BEGIN DATA
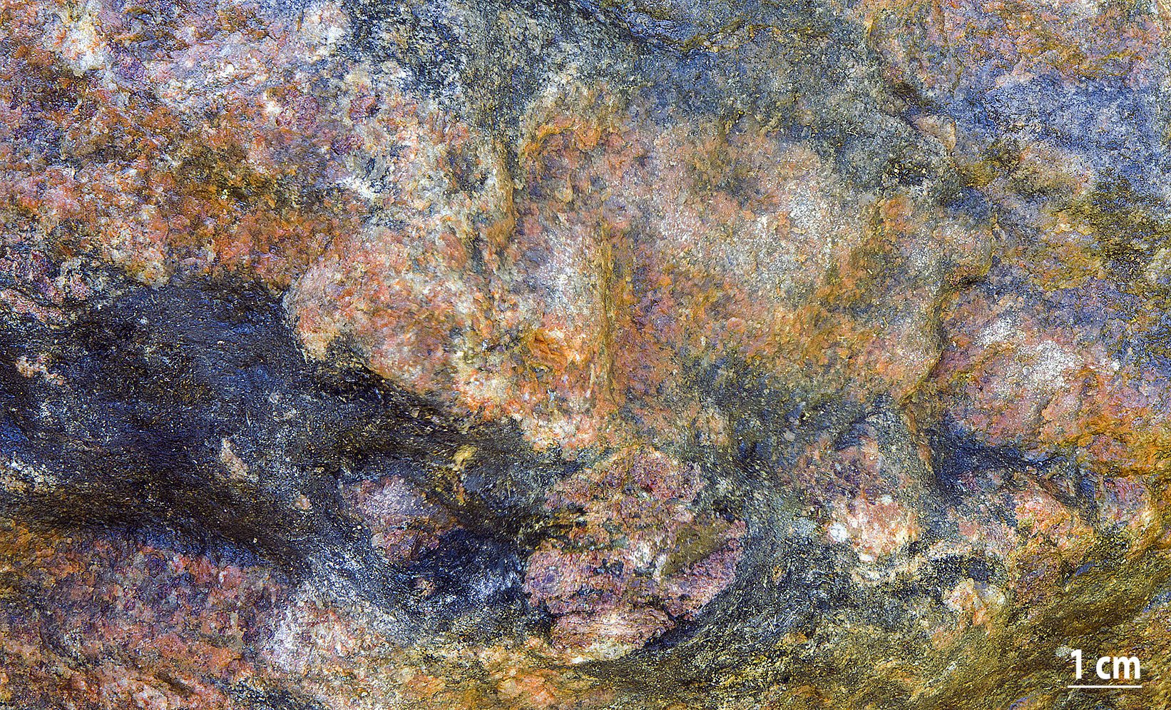 Hvis metamorfosen er sket ved ret høj temperatur, men uden at der har været større deformerende kræfter, kan der opstå en migmatitisk bjergart: Kvartsen og feldspaten (det granitiske materiale) er smeltet op og har samlet sig i lysere, ofte rødlige områder, mens de mørke mineraler, som udgøres af bl. a. biotit, bliver tilbage i næsten sorte områder.
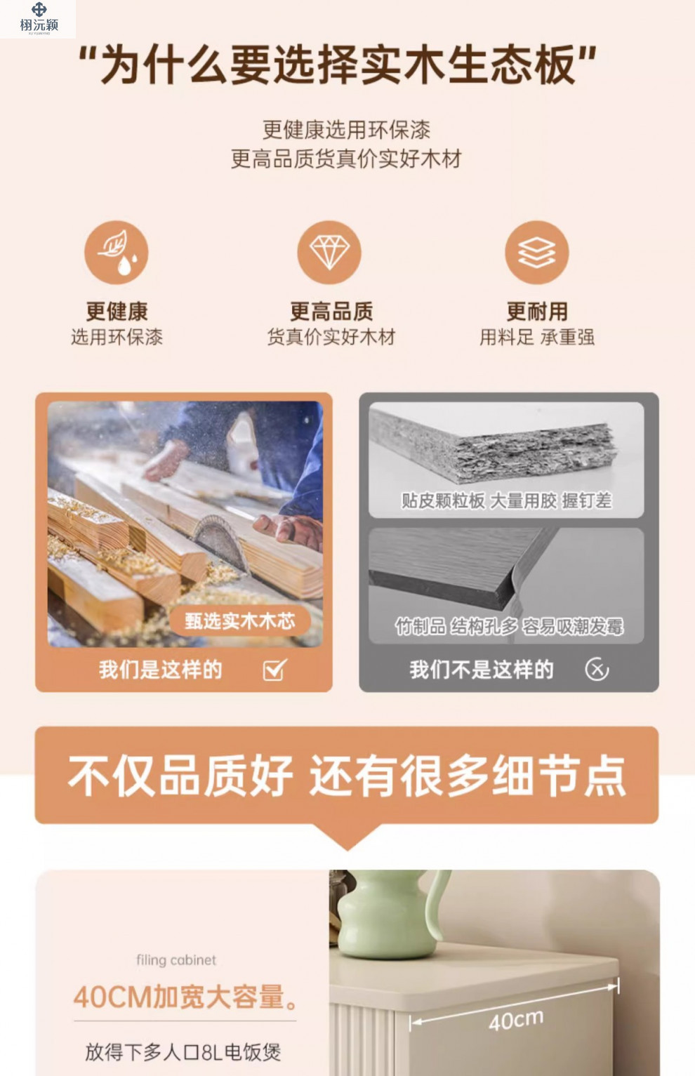• [업그레이드된 원목 생태보드] 밀크화이트 샴페인 컬러 80*34*95cm
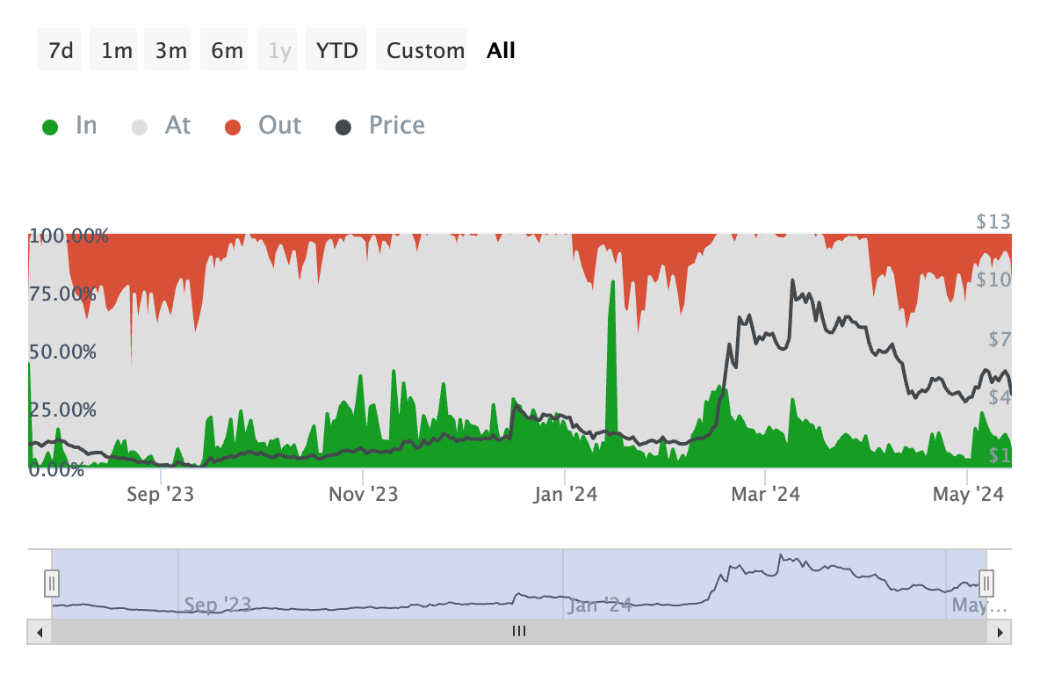 Hãy phân tích lợi nhuận của các địa chỉ hoạt động Worldcoin (WLD) bằng cách sử dụng biểu đồ từ IntoTheBlock, biểu đồ này cung cấp cho chúng ta cái nhìn tổng quan về sức khỏe và tâm lý của thị trường.
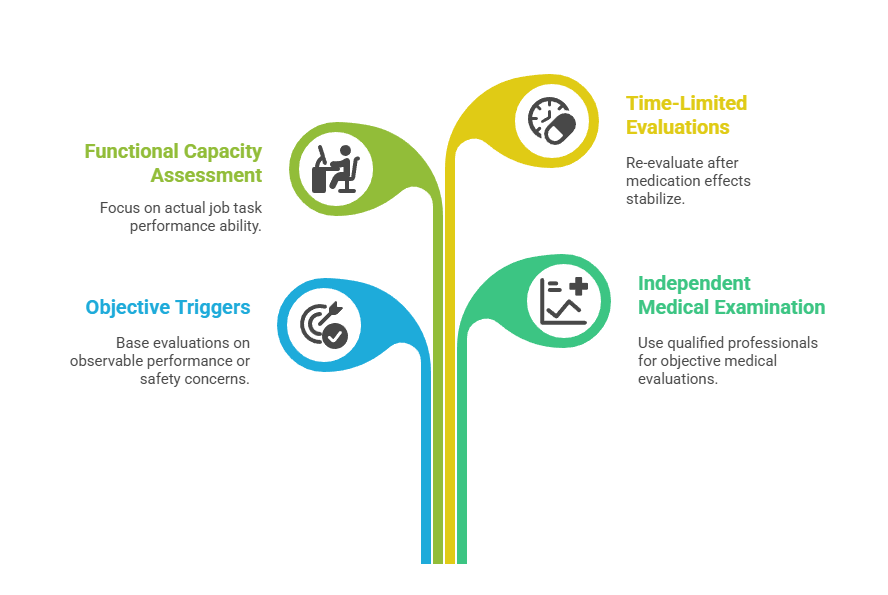 - Objective triggers: Base evaluation requirements on observable performance concerns, safety incidents, or verifiable behavioral changes rather than medication use alone.
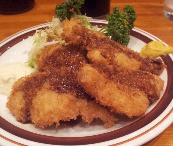 それはさておき、今日の根岸家は岩がき(580円)があった。これがでかすぎて写真に収まらなかった。きんめだいさしみ(580円)はとてもキレイなピンク色で、味もそれに似て淡い色を感じた。こはだ酢(330円)も美しく並べられ、見ただけで楽しめた。きんめかぶとは本来は700円だったが、小さいのしかなかったため500円にしてくれた。こういう心遣いがこの店のよいところなのだ。
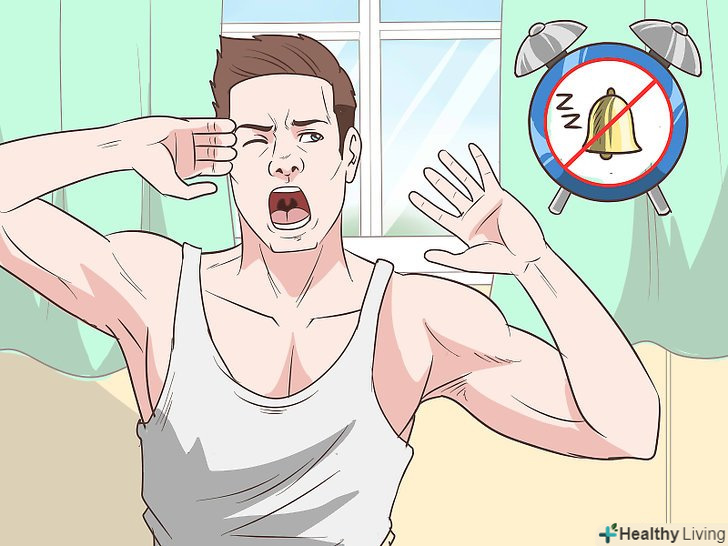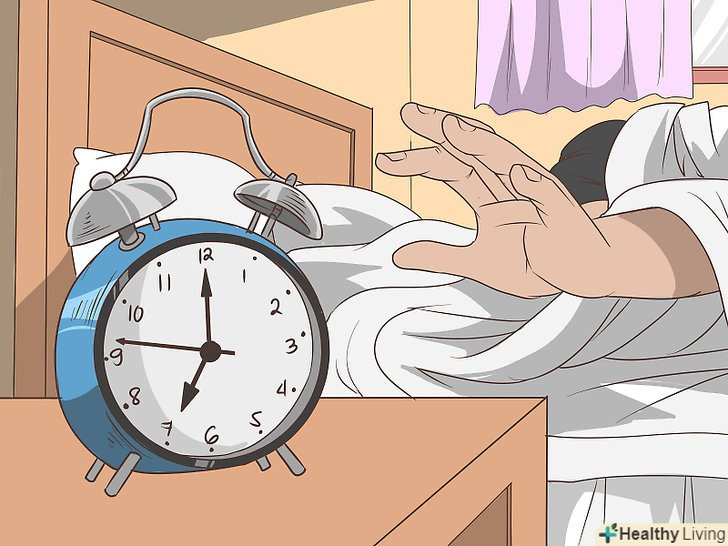 Дайте собі достатньо часу, щоб відпочити вночі.якщо ви звикли спати з півночі до 9:00, ви не зможете як і раніше лягати в 12 і очікувати, що дзвінок будильника в 6 ранку доставить вам хоч якесь задоволення. Так як ви встаєте все раніше і раніше, то і лягати слід все раніше і раніше. Ваша мета - не зменшити потребу уві сні (сон, зрештою, – річ настільки ж чудова, як і необхідна), а легше прокидатися рано вранці. Наука стверджує, що якщо вночі ви висипаєтеся, то день проходить набагато краще і ефективніше.[1]- Якщо засинати рано для вас схоже на тортури або ви не хочете витрачати занадто багато часу на сон, ви також можете спробуватипривчити ваш організм до меншої кількості сну. Це та ж сама ідея, але орієнтована на вироблення певного часу засипання.
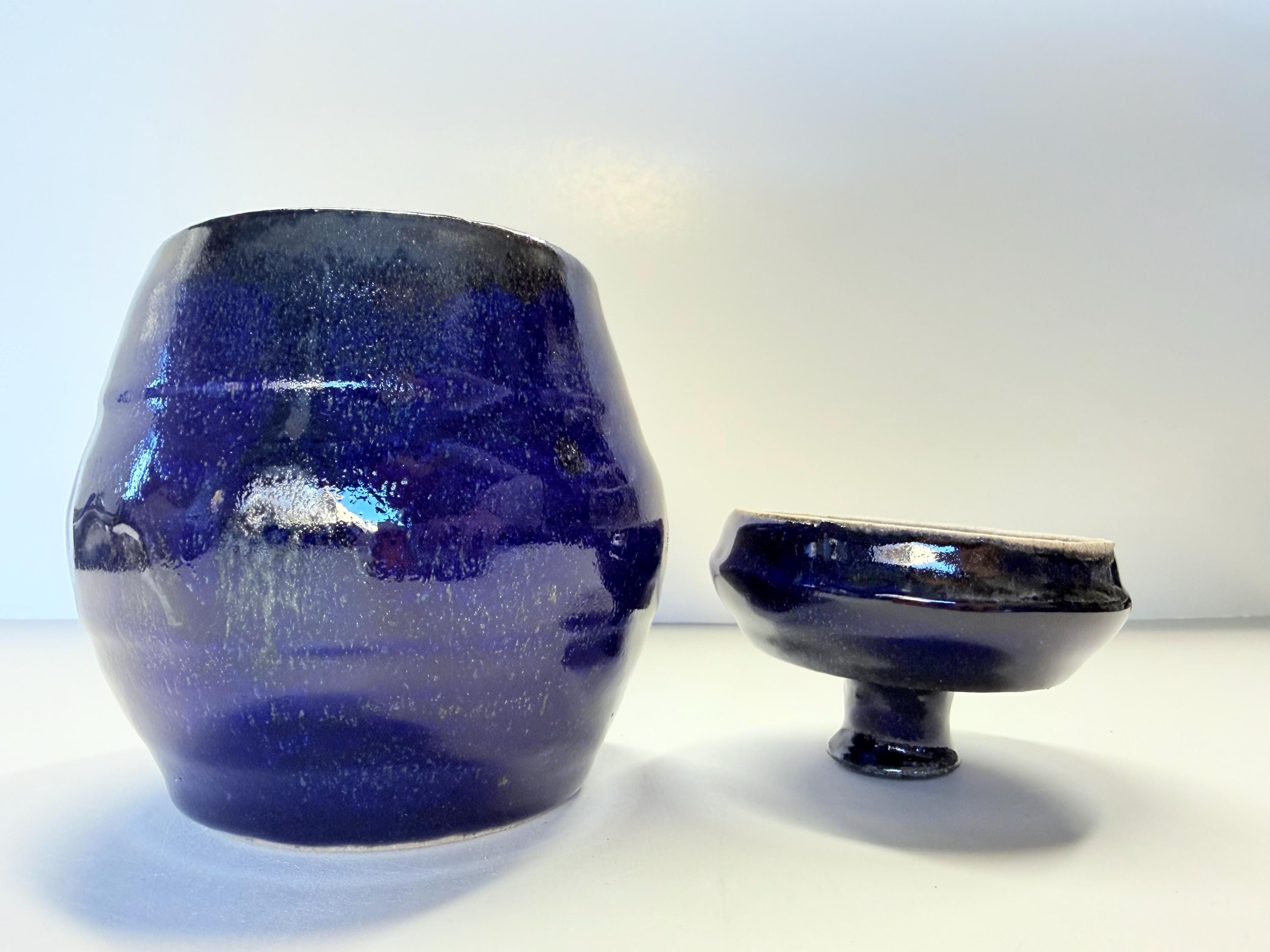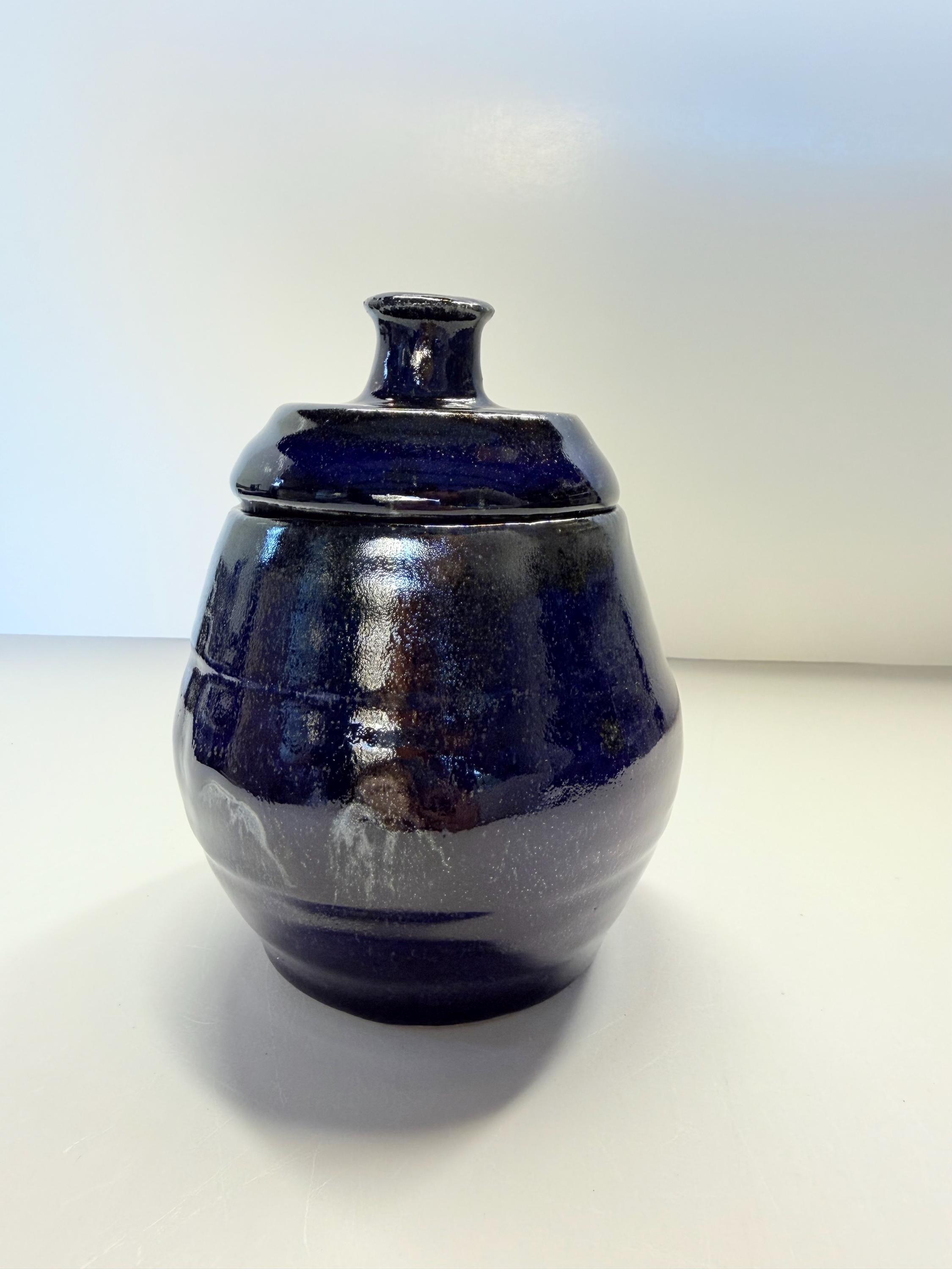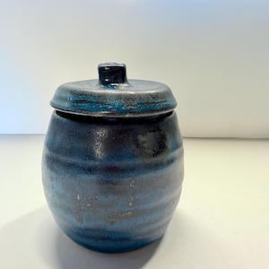 This form is a jar with a lid. I used a bright blue glaze over a black glaze. It turned out beautifully and in the sun it has an iridescent sheen. I would use this as a salt cellar, or sugar bowl/jar or, bath storage for cotton balls. Again, it's up to you how you use it! As with all my pottery, it is one of a kind. I can make another one in a different color, but i can't always guarantee how the glaze and clay will work and play together. So, if you like this one, i would encourage you to order it.
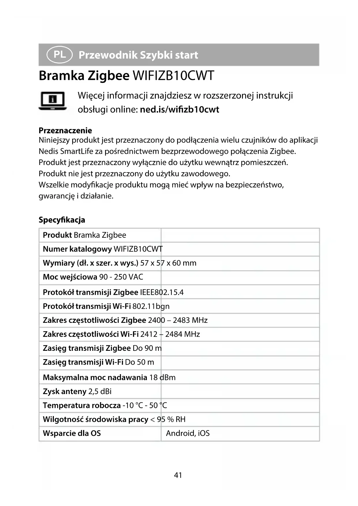 Przewodnik Szybki start Bramka Zigbee WIFIZB10CWT Więcej informacji znajdziesz w rozszerzonej instrukcji obsługi online: ned.is/wizb10cwt Przeznaczenie Niniejszy produkt jest przeznaczony do podłączenia wielu czujników do aplikacji Nedis SmartLife za pośrednictwem bezprzewodowego połączenia Zigbee. Produkt jest przeznaczony wyłącznie do użytku wewnątrz pomieszczeń. Produkt nie jest przeznaczony do użytku zawodowego. Wszelkie modykacje produktu mogą mieć wpływ na bezpieczeństwo, gwarancję i działanie. Specykacja Produkt Bramka Zigbee Numer katalogowy WIFIZB10CWT Wymiary (dł. x szer. x wys.) 57 x 57 x 60 mm Moc wejściowa 90 - 250 VAC Protokół transmisji Zigbee IEEE802.15.4 Protokół transmisji Wi-Fi 802.11bgn Zakres częstotliwości Zigbee 2400 – 2483 MHz Zakres częstotliwości Wi-Fi 2412 – 2484 MHz Zasięg transmisji Zigbee Do 90 m Zasięg transmisji Wi-Fi Do 50 m Maksymalna moc nadawania 18 dBm Zysk anteny 2,5 dBi Temperatura robocza -10 °C - 50 °C Wilgotność środowiska pracy < 95 % RH Wsparcie dla OS Android, iOS42 Główne części (rysunek A)
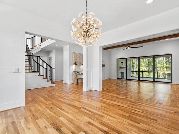 This 6,807 SF Poythress Construction masterpiece in Montvale at Copperleaf offers luxury living in a prime Cary location, minutes to RTP, RDU Airport, top schools, shopping, dining, and entertainment. A dramatic 2-story foyer with a sweeping staircase sets the tone, leading to the great room with a sleek linear gas fireplace, spacious dining, breakfast area, and beverage bar with wine cooler. The chef's kitchen boasts custom cabinetry, marble herringbone backsplash, oversized island, Wolf 8-burner double oven range, and built-in Sub-Zero refrigerator, plus a hidden scullery with 2nd full kitchen and abundant storage. A mudroom, secondary staircase, study, powder room, and guest suite with ensuite bath complete the main level. Upstairs find a luxurious primary suite with spa bath and custom closet, along with 3 bedrooms each with private baths and a loft. The finished basement expands the living space with a 3rd kitchen, bar with wine fridge, theatre, bedroom, bath, storage, and covered walk-out patio. Outdoor living shines with a screened porch and fireplace, patio, wide fenced backyard (pool-ready), garden beds, solar panels, and direct access to the American Tobacco Trail. 3-car garage. 6 BR, 6.5 BA.
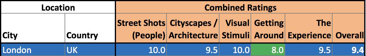 So, what is the overall rating based on, you might ask? The answer is simple: the richness of the opportunity for good photography. Street photography isn’t just about people. Similarly, photography trips aren’t just about snapping photos. Therefore our ratings encompass a number of aspects of street photography and maneuvering in the city: People Shots, Cityscapes, other Visual Stimuli, Getting Around, and the Experience as a whole. These are detailed more below.
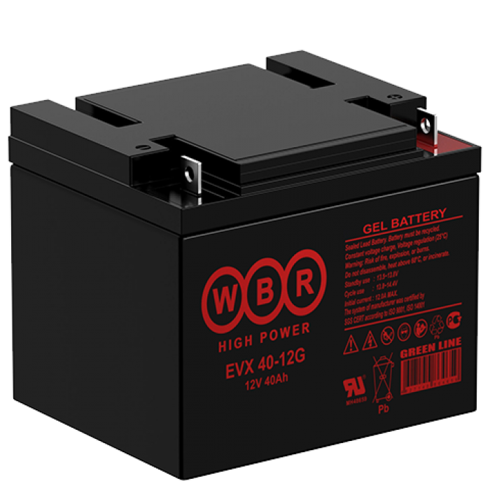 Аккумулятор WBR EVX40-12G - герметизированная, выполненная по гелевой (GEL) технологии, тяговая свинцово-кислотная аккумуляторная батарея. Обладает высоким качеством и надежностью, устойчива к глубоким разрядам и применяется для питания электрических транспортных средств, гольфкаров, газонокосилок, полотерных и поломоечных машин, медицинских колясок, электроинструмента, электронасосов, эхолотов, осветительных приборов, в том числе наружного освещения и другой техники.
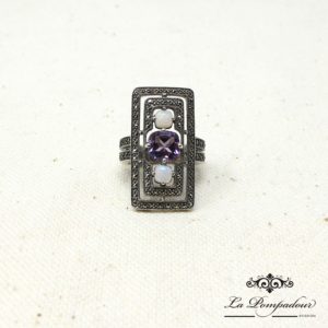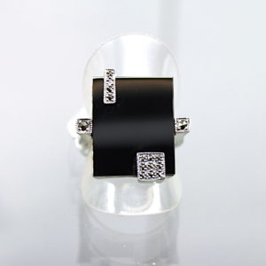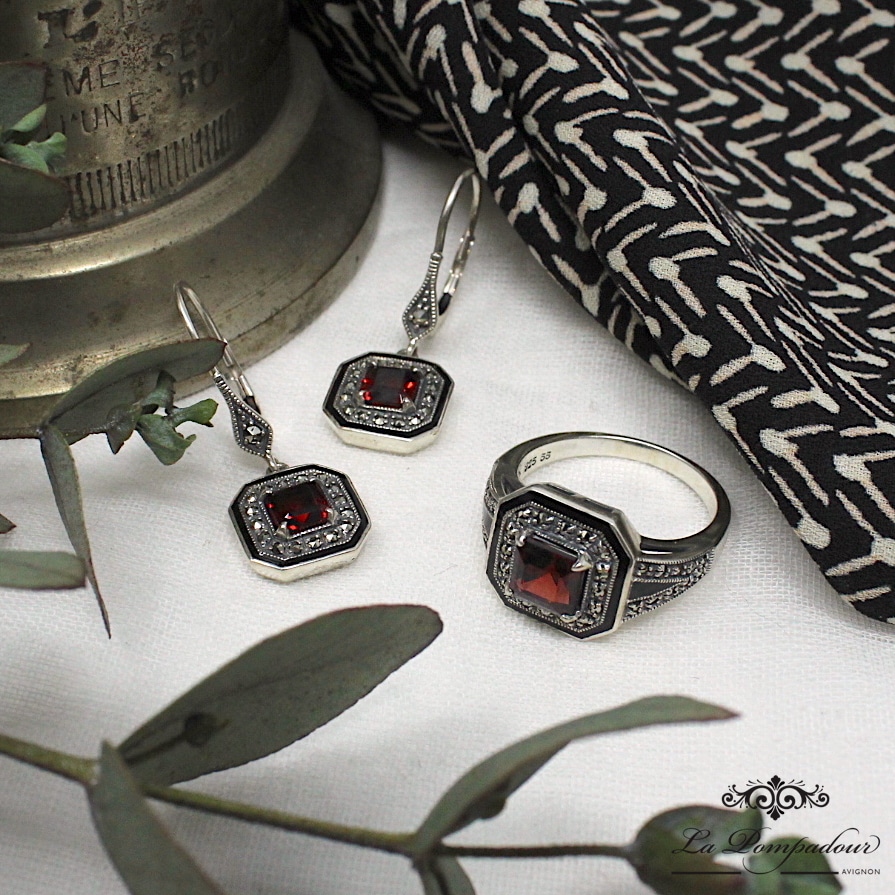 Bague en argent 925 ornée d’un grenats carré, d’émail noir et de petites marcassites.
END DATA
GOAL OF THE EXERCISE >> The response should hold only an exact retyping of the lines from the beginning of the data through the line containing "샴페인 컬러 80*34*95cm", both ends kept, pictures omitted.

WRITTEN ANSWER >>
 Hvis metamorfosen er sket ved ret høj temperatur, men uden at der har været større deformerende kræfter, kan der opstå en migmatitisk bjergart: Kvartsen og feldspaten (det granitiske materiale) er smeltet op og har samlet sig i lysere, ofte rødlige områder, mens de mørke mineraler, som udgøres af bl. a. biotit, bliver tilbage i næsten sorte områder.
• [업그레이드된 원목 생태보드] 밀크화이트 샴페인 컬러 80*34*95cm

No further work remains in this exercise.